Task objective: Write every record below out exactly; no images.
━━━━━━━━
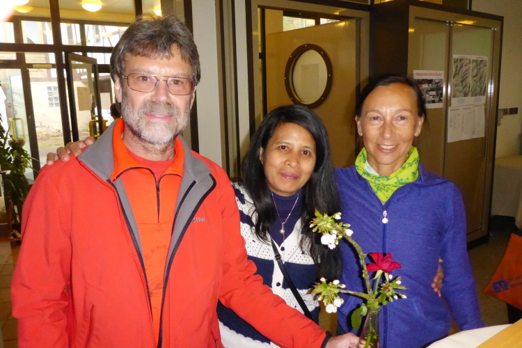 Ich bemühe mich auch, als oberhalb von Kleinalmerode auf der Wiese die Fotografen stehen. Dann geht es hinab, wieder nach Kleinalmerode und vorbei am Hühnergarten, dessen Produkte ich in meinem Rucksack transportiere. Sie stammen vom Frühstückstisch.
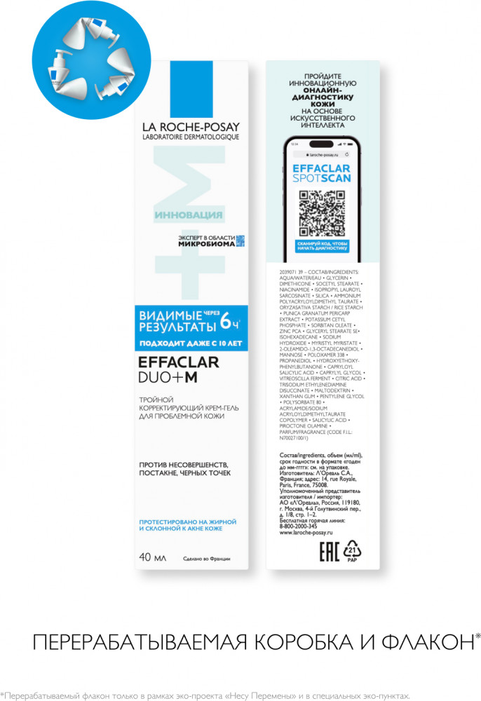 отличный крем пользовалась несколько лет Effaclar Duo, недавно его сняли с производства и начала пользоваться этим кремом Effaclar Duo+M, ничем не отличается все устраивает
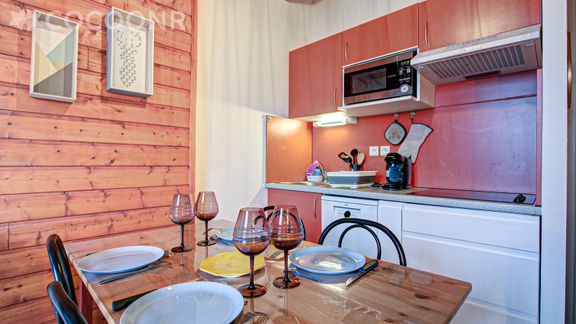 - Une pièce de vie lumineuse de 16 m² avec TV, canapé, espace repas et une kitchenette équipée avec notamment : four, four à micro-ondes, lave-vaisselle, plaques de cuisson...
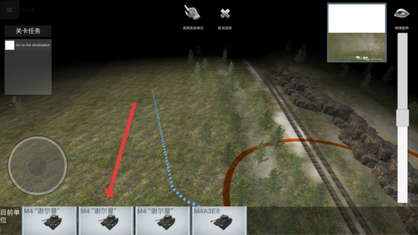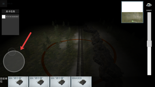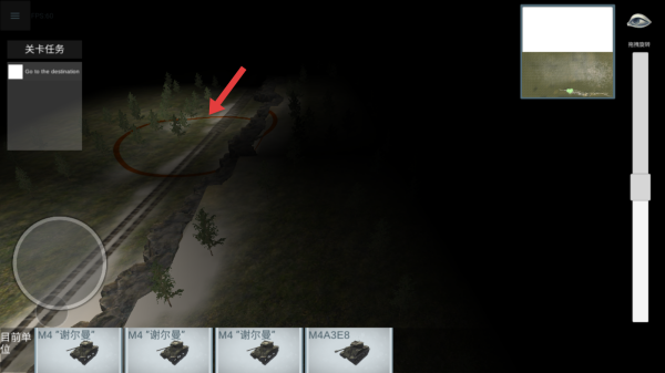 1、进入关卡,查看关卡任务为Go to the destination,借助小地图右上角,通过左侧轮盘操控部队,沿铁路方向推进。
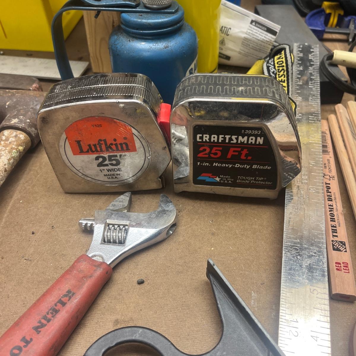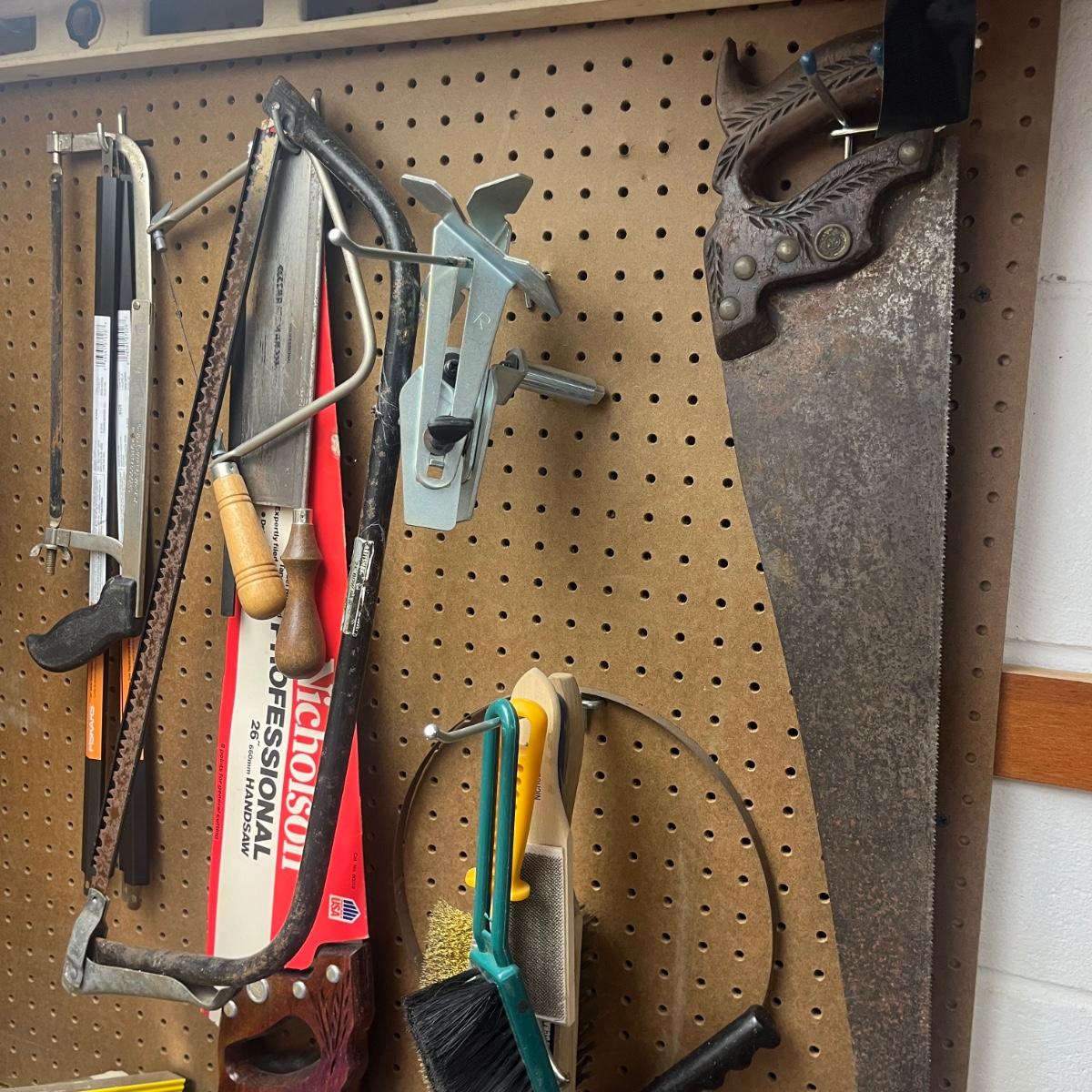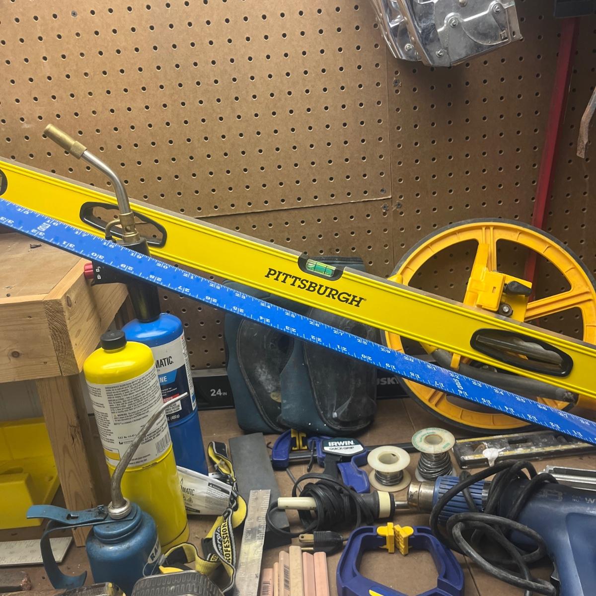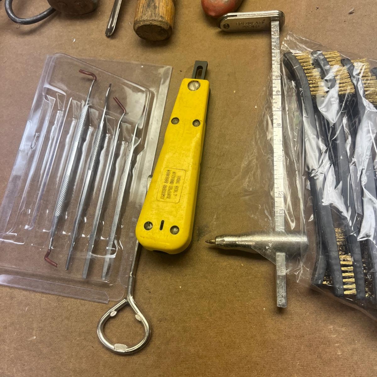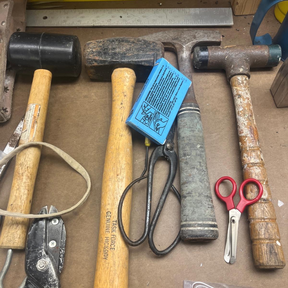 Lot includes 4 levels, mini sledge hammer, rubber hammer, hacksaw, handsaw, coping saw, measuring wheel, heat gun, soldering gun, tape measures, caulking guns, clamps and more. Longest level measures 48” long.
━━━━━━━━
Task response:
 Ich bemühe mich auch, als oberhalb von Kleinalmerode auf der Wiese die Fotografen stehen. Dann geht es hinab, wieder nach Kleinalmerode und vorbei am Hühnergarten, dessen Produkte ich in meinem Rucksack transportiere. Sie stammen vom Frühstückstisch.
 отличный крем пользовалась несколько лет Effaclar Duo, недавно его сняли с производства и начала пользоваться этим кремом Effaclar Duo+M, ничем не отличается все устраивает
 - Une pièce de vie lumineuse de 16 m² avec TV, canapé, espace repas et une kitchenette équipée avec notamment : four, four à micro-ondes, lave-vaisselle, plaques de cuisson...
 1、进入关卡,查看关卡任务为Go to the destination,借助小地图右上角,通过左侧轮盘操控部队,沿铁路方向推进。
 Lot includes 4 levels, mini sledge hammer, rubber hammer, hacksaw, handsaw, coping saw, measuring wheel, heat gun, soldering gun, tape measures, caulking guns, clamps and more. Longest level measures 48” long.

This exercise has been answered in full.